# summit rapid climb stirrups



## grtwhthntr (Nov 20, 2007)

I am thinking of getting a set because it seems like they would make life easier. Will the summit stirrups work with an API climber and will they interfere when I put the top and bottom together to carry them in?
Thanks


----------



## wranglerjoe1968 (Nov 20, 2007)

I love mine but I do have them on Summit stands.  They do not interfere on mine at all.  On my older Summit  They fit a little weird but still work


----------



## gadeerwoman (Nov 20, 2007)

My understanding is that they will indeed work on the apis as well as the summits.


----------



## Bruz (Nov 20, 2007)

They should have been on there from the start. I have 4 Goliaths and only 1 with the stirrups........I always carry it in and out.......The other 3 never get used.

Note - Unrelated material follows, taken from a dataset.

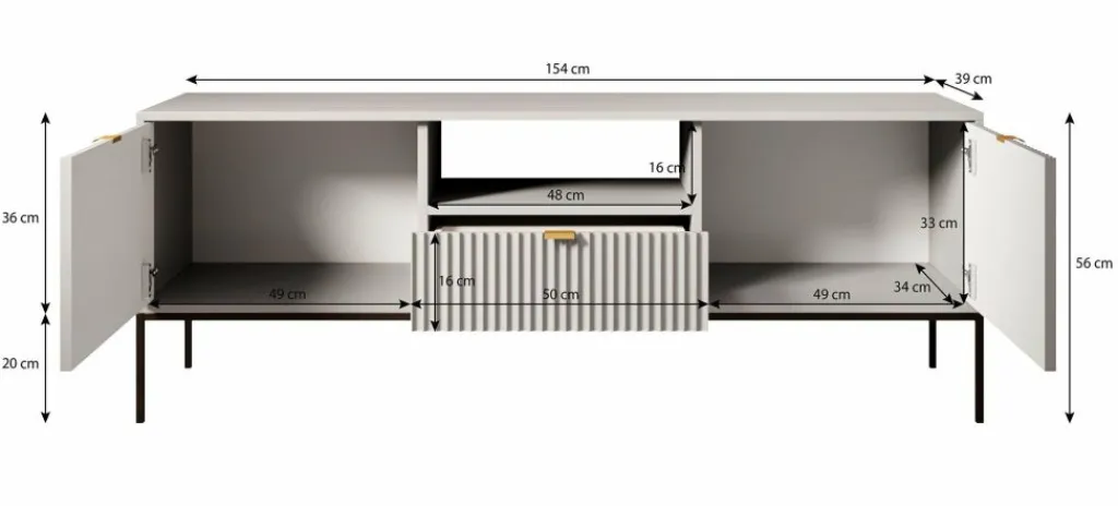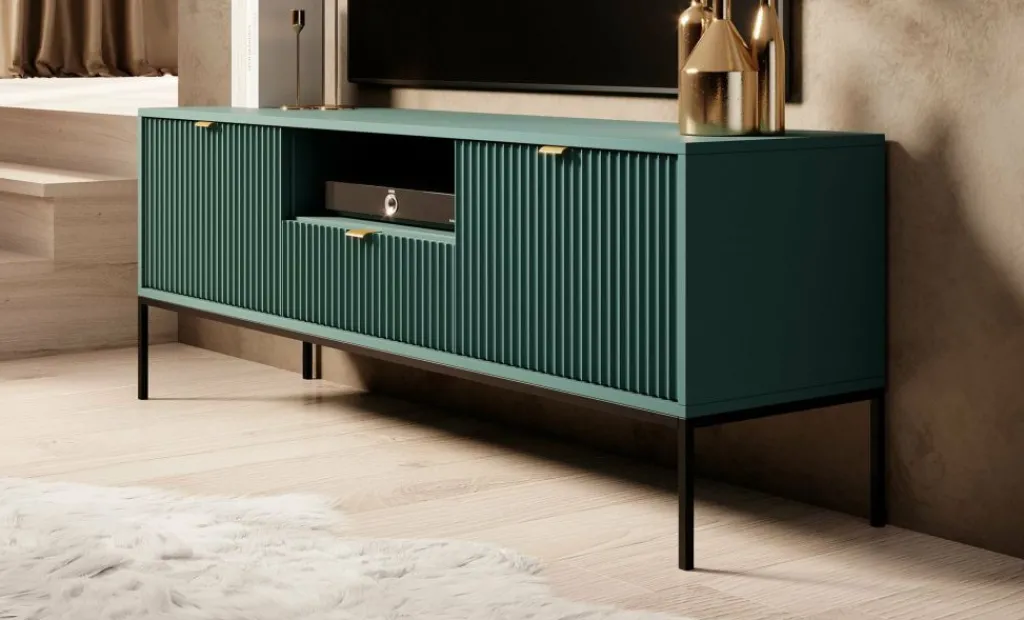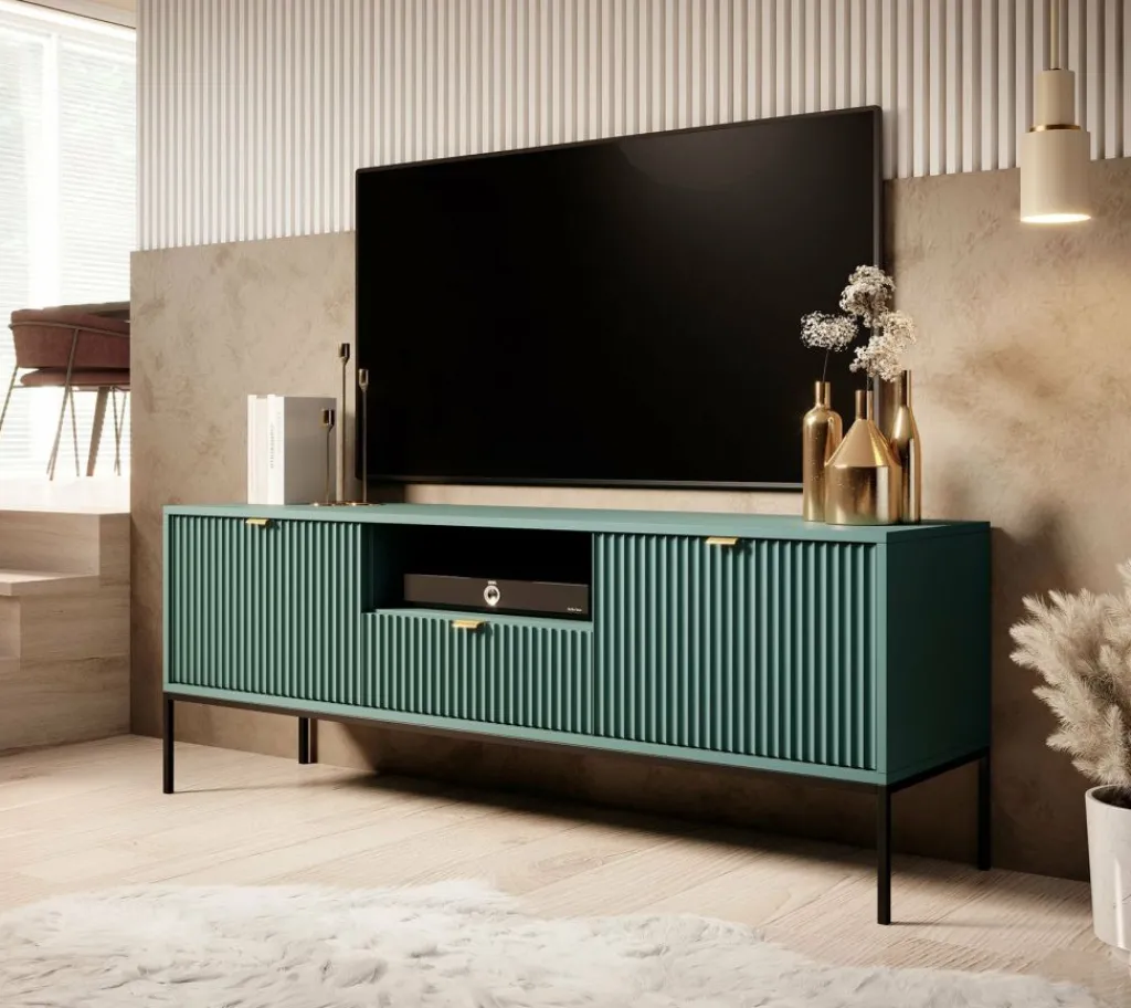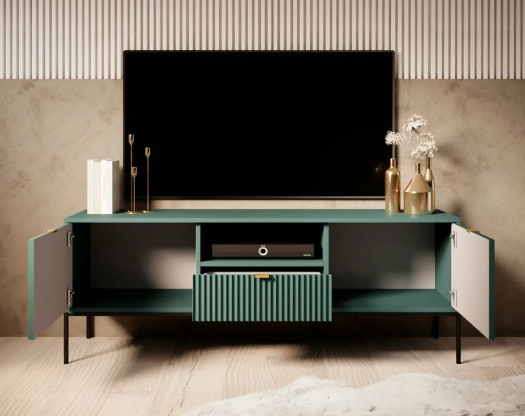 TV-meubel Navil is een design meubel met voldoende opbergmogelijkheden. Deze kast heeft een breedte van 154 centimeter en is gemaakt van spaanplaat met een melamine coating in groene kleur. Dankzij het kleurgebruik en design is dit meubel geschikt voor zowel industriële als hotelchique interieurs. De kast beschikt over twee kleppen welke te openen zijn via goudkleurige handgrepen. In het middel bevindt zich een open vak met daaronder een lade. Ook deze is te openen door een goudkleurige handgreep. Aan de achterzijde bevindt zich een gat om eventuele bedrading weg te werken.

I need to buy more stirrups I guess.

Robert


----------



## toddboucher (Nov 20, 2007)

you can get API version made for that API climber at bass pro shops.
. Well I just found out that bass pro is out of them but here is the product.
www.apioutdoors.com/81222.html?cmid=api_81222


----------



## Davexx1 (Nov 24, 2007)

Stirrups are a great help on my Summit climbers.  They sure beat the old bungee cord.

FYI, with some ingenuity you can make your own stirrup arrangement.  A piece of alum flat bar can be bent and bolted to the bottom section of about any climber stand and it works great.  Just bend the flat bar into a double "C" formation and screw or bolt to the bottom section of your stand on each end and in the middle.  Form the flat bar so that your boots fit snugly under the flat bar in each of the two "C" sections.  Attach the flat bar far enough back on the bottom section of your stand so you can easily get your boots in it but also so as to not inhibit your comfort while standing or sitting in the stand.

Dave


----------



## SWAMPFOX (Nov 24, 2007)

*JMike*

I sent you a pm about your Tree Walker.


----------



## BornToHuntAndFish (Jan 9, 2008)

Summit rapid climb stirrups work fine on my API Grandslam & Summit Viper.  Been using them on both since they 1st came out.  The new API stirrups look fine but cost more every time I've seen them.


----------



## hookedonbass (Jan 9, 2008)

JMike,

Stupid question, but how do you climb in that thing without some type of foot straps?


----------



## SWAMPFOX (Jan 9, 2008)

Bungi goes behind you heels and your toes go under the "stirrups." It works good.

I didn't know they would fit an API. I got buy me another set them since I got both a Summit and an API.

Now I got to figure a way to fit them to my original steel Summit that I bought a life time ago.


----------